Everything below from the line with "These are so" through the line with "vom Kraftwerk Jänschwalde." should be copied exactly, and nothing else; leave out the pictures.

-- DATA FOR THE TASK follows --

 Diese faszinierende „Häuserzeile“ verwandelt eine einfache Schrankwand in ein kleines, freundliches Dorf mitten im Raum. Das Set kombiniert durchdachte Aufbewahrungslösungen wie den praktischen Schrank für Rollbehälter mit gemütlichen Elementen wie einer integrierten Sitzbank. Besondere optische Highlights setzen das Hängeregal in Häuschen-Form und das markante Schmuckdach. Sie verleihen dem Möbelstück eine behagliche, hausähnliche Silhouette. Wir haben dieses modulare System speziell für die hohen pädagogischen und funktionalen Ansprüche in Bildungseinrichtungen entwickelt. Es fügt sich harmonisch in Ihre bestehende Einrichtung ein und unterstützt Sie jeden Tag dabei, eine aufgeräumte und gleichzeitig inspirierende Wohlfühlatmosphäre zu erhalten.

-- DATA FOR THE TASK concluded --
-- DATA FOR THE TASK follows --

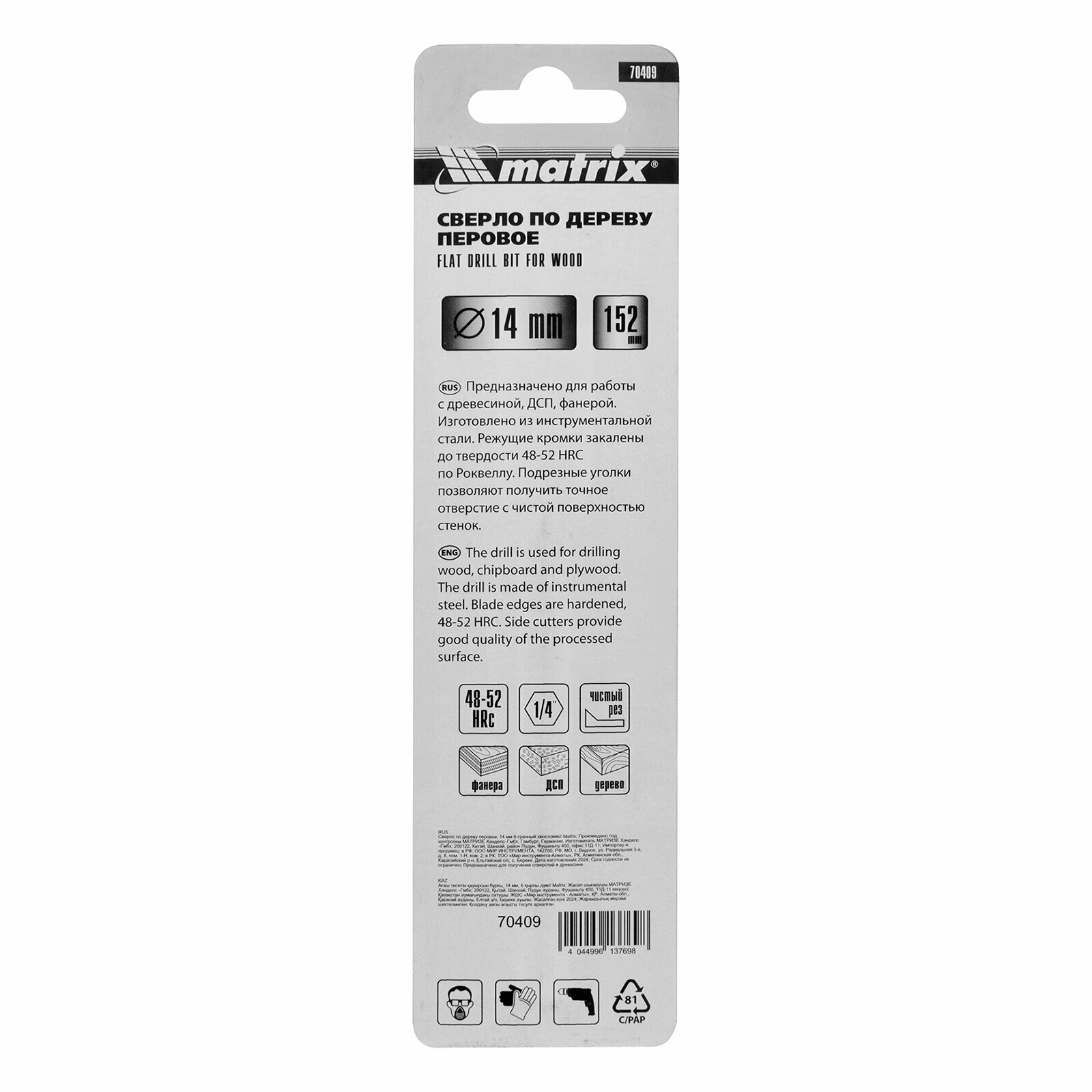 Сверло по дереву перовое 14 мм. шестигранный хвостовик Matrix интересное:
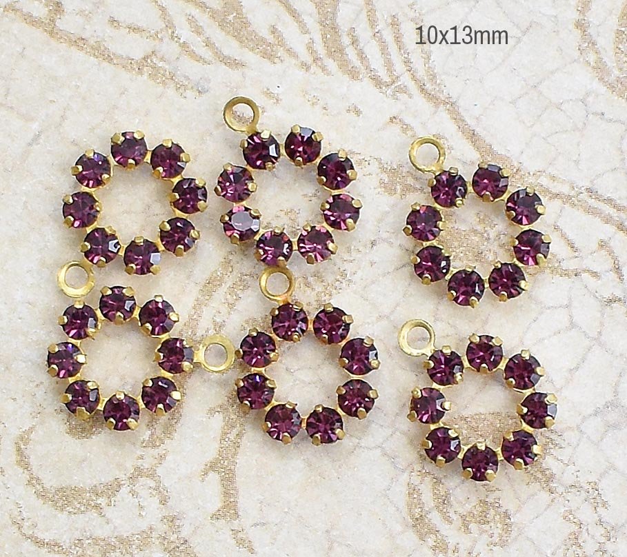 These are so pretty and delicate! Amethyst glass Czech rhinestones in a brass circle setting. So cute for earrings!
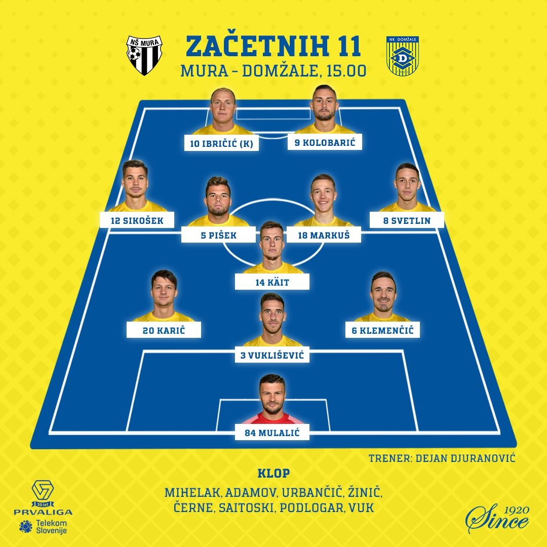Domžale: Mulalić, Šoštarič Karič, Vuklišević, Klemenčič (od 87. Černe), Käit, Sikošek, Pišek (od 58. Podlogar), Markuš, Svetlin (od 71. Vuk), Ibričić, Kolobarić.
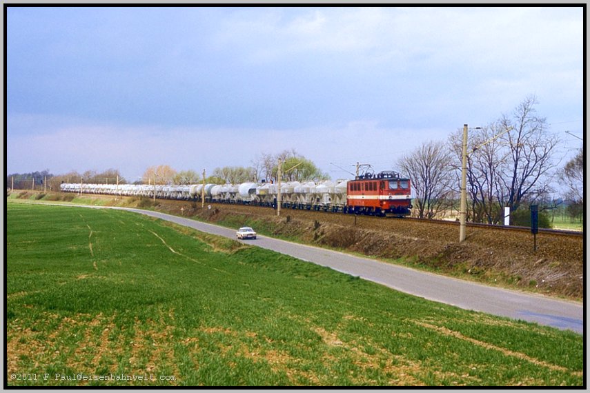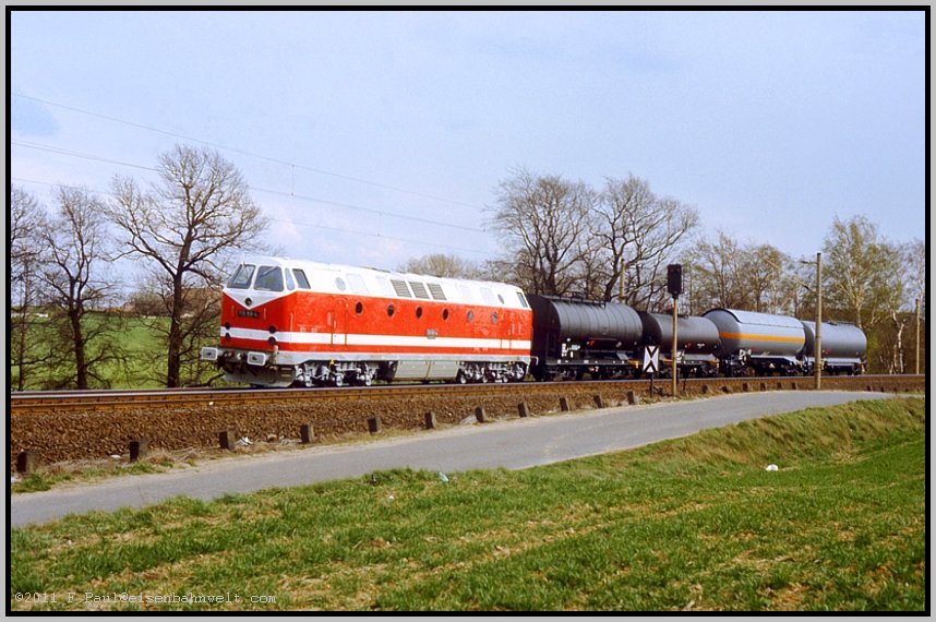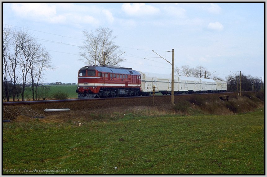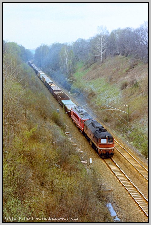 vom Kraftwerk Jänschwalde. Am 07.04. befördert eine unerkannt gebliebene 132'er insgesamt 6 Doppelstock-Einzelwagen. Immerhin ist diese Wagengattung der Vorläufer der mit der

-- DATA FOR THE TASK concluded --

▶ _SOLUTION TO THIS PROBLEM_:
 These are so pretty and delicate! Amethyst glass Czech rhinestones in a brass circle setting. So cute for earrings!
Domžale: Mulalić, Šoštarič Karič, Vuklišević, Klemenčič (od 87. Černe), Käit, Sikošek, Pišek (od 58. Podlogar), Markuš, Svetlin (od 71. Vuk), Ibričić, Kolobarić.
 vom Kraftwerk Jänschwalde. Am 07.04. befördert eine unerkannt gebliebene 132'er insgesamt 6 Doppelstock-Einzelwagen. Immerhin ist diese Wagengattung der Vorläufer der mit der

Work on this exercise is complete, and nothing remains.